### Problem requirements
From the first line of the material below through the line containing "2024年5月11日宁夏环境空气质量预报信息", print every line exactly as it stands, but no pictures.

### Material provided
-- Opening Marker --

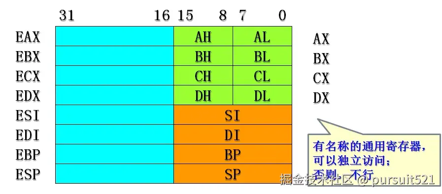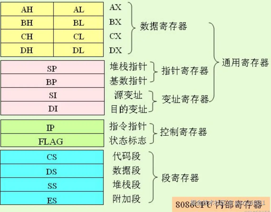 通用寄存器:数据寄存器,指针寄存器,变址寄存器
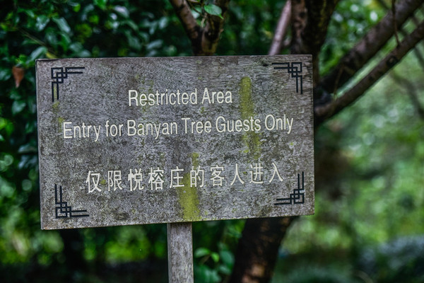 在通往酒店游船区域、西溪湿地私家园林等片区的地方可以看到一个牌子,上面写着仅供悦榕庄客人进入。因为西溪湿地是一个开放式的景点,虽然说酒店拥有较为独立的园区,可是西溪湿地的整体性没有被分割开来,所以才会立下这种牌子以防止景区游客走错了地方。
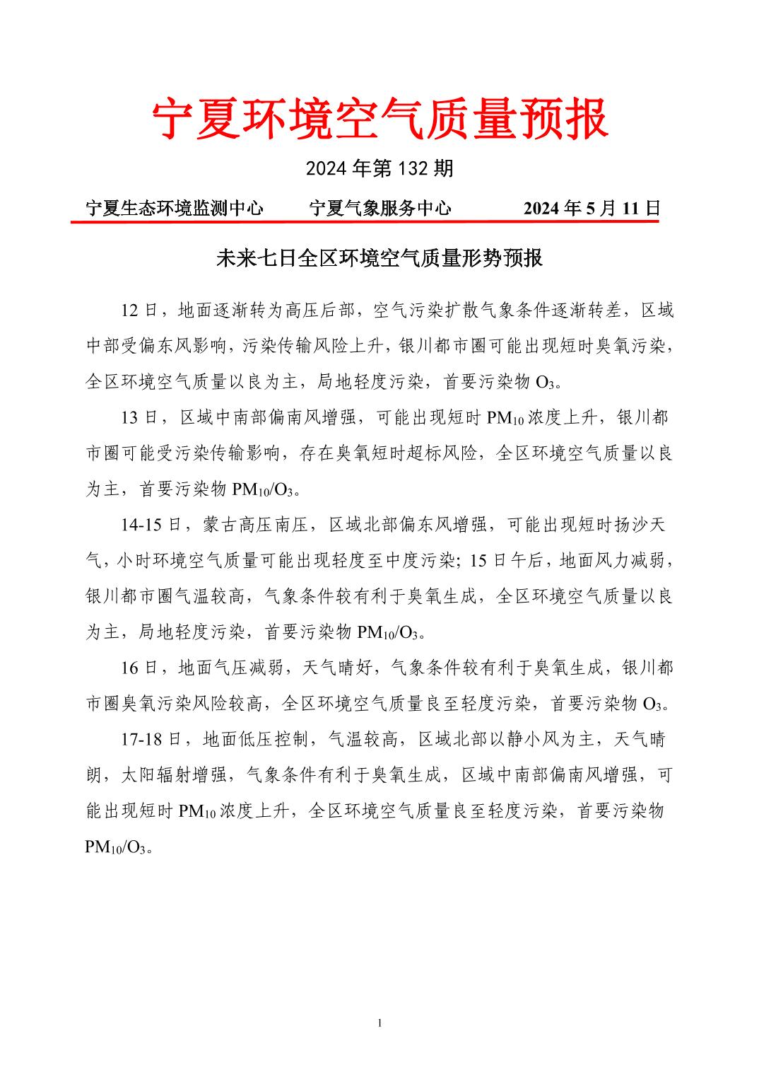 2024年5月11日宁夏环境空气质量预报信息
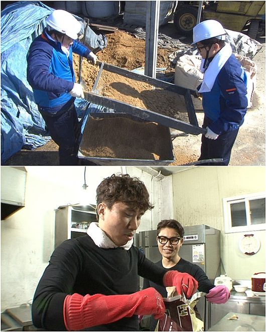 사진 속 두 사람은 채에 흙을 걸러내는 작업에 몰두 중이다. 이는 마치 사랑의 박타기를 하는 듯한 분위기를 자아내 웃음을 유발하고 있다. 실제 촬영장에서도 동갑내기인 둘은 껌딱지처럼 함께 다니며 훈훈한 케미를 자랑했다고. 특히 정태호는 다리를 다친 김범수를 위해 궂은 일 등을 도맡아 해 진한 우정을 입증케 했다는 후문이다.

-- Closing Marker --

### Task solution
 通用寄存器:数据寄存器,指针寄存器,变址寄存器
 在通往酒店游船区域、西溪湿地私家园林等片区的地方可以看到一个牌子,上面写着仅供悦榕庄客人进入。因为西溪湿地是一个开放式的景点,虽然说酒店拥有较为独立的园区,可是西溪湿地的整体性没有被分割开来,所以才会立下这种牌子以防止景区游客走错了地方。
 2024年5月11日宁夏环境空气质量预报信息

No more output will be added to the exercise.